# Allah rahmet eylesin



## FlyingBird

What does this sentence mean?

İ heard people telling it when someone die, but not sure what does it mean.

Allah=God
rahmet=?
eylemek=?

teşekkür ederim


----------



## shafaq

FlyingBird said:


> What does this sentence mean?
> 
> İ heard people telling it when someone die, but not sure what does it mean.
> 
> Allah=God
> rahmet=? *mercifulness, gentleness; mercy *
> eylemek=? *to make, to do*
> 
> teşekkür ederim


Allah rahmet eylesin=Rest In Peace


----------



## FlyingBird

shafaq said:


> Allah rahmet eylesin=Rest In Peace


Yes i know it mean something like that in english, but i need literall translation please.


----------



## shafaq

May Allah be merciful on the dead.


----------



## FlyingBird

shafaq said:


> May Allah be merciful on the dead.


Thank you. Can you just tell me what 'eylemek' mean?


----------



## Gemmenita

FlyingBird said:


> Thank you. Can you just tell me what 'eylemek' mean?



"Eylemek" is indeed used in azeri coming to Turkish in this expression. Eylemek means "etmek" in azeri. 

So: ...eylesin = etsin


----------



## Sheikh_14

Are eylemek, etmek and etsin of nearly the same breed?
How do the three vary, if it all from what I have gathered eylemek is an Azeri loan word meaning the same as etsin? Do etmek and etsin hold any differences or does one have a more sacred flavour, with the one being used with the divine whilst the other on sundries.


----------



## Black4blue

Sheikh_14 said:


> Are eylemek, etmek and etsin of nearly the same breed?
> How do the three vary, if it all from what I have gathered eylemek is an Azeri loan word meaning the same as etsin? Do etmek and etsin hold any differences or does one have a more sacred flavour, with the one being used with the divine whilst the other on sundries.



_Etmek_ and _etsin_ are the same thing. _Etsin_ is 3rd singular person imperative of _etmek_.

And yes you're right, _eylemek_ is used in divine and some poetry more than daily things.


----------



## Sheikh_14

Black4blue said:


> And yes you're right, _eylemek_ is used in divine and some poetry more than daily things.

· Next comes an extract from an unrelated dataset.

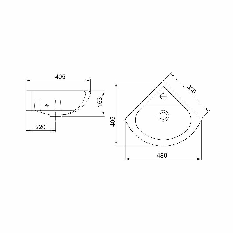 Лучшие цены. Раковина Santeri Радиан 50 1.3130.9.S00.10B.0 угловая. Характеристики: - Цвет: белый. - Материал: фарфор. - Размеры (ШхВхГ): 48х16.3х40.5 см. - Монтаж: подвесной. - Угловая. - Расположение отверстия под смеситель: по центру. - Число отверстий под смеситель: 1. В комплекте поставки: чаша раковины. Магазины в вашем городе.
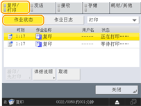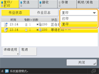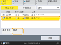 复印作业正在等待时,如果按操作面板上的 (停止),全部复印作业都会暂停,并且显示<停止选择要取消的“复印”作业。>和复印作业列表。可以从该列表中选择复印作业,然后按<取消>取消该复印作业。如果要重新开始复印,按<重新开始复印>。 |

Right and is it a loan word?


----------



## Rallino

Sheikh_14 said:


> Right and is it a loan word?


_Eylemek_ is Turkic, as are all verbs in Turkish. There are no loan verbs.


----------



## Sheikh_14

I meant from Azeri which is a part Turkic language as stated above. However, perhaps not.


----------



## Gemmenita

Sheikh_14 said:


> Right and is it a loan word?





Sheikh_14 said:


> I meant from Azeri which is a part Turkic language as stated above. However, perhaps not.



Hello Sheikh,
It depends on... on what you mean by loanword and what idea you have about it:
if you mean, as a word come into daily use of Turkish language (like many French, Arabic, Persian words: pantalon, bazı, diğer), No , it is not so. Because Turkish
language has its own verb 'etmek'. 
But if you mean as a word known and used by Turkish colloquial language (only*) in the sentence above, yes, it is.






*1.As far as I know! Otherwise, the related word used by Turkish, in other cases, is always 'etmek'.
2. and also maybe in the words 'eylem', 'eylemci' which are not far from the meaning of ' doing activity, hareket'


----------



## Sheikh_14

Based on the fact that eylemek is used for the divine and in poetry I would think its inclusion was literary rather than colloquial. However, it may have also attained a place in colloquial language by iteration.


----------



## Bahadur

"Eyle" is from old Turkic "edle". I very much doubt that its presence in Turkish is via Azerbaijani (rather, I'm sure that it's not). In some Turkic languages it's still used, while in others it has become archaic or died out.

PS: I shall add that "eyle" was commonly used in old Anatolian Turkish.


----------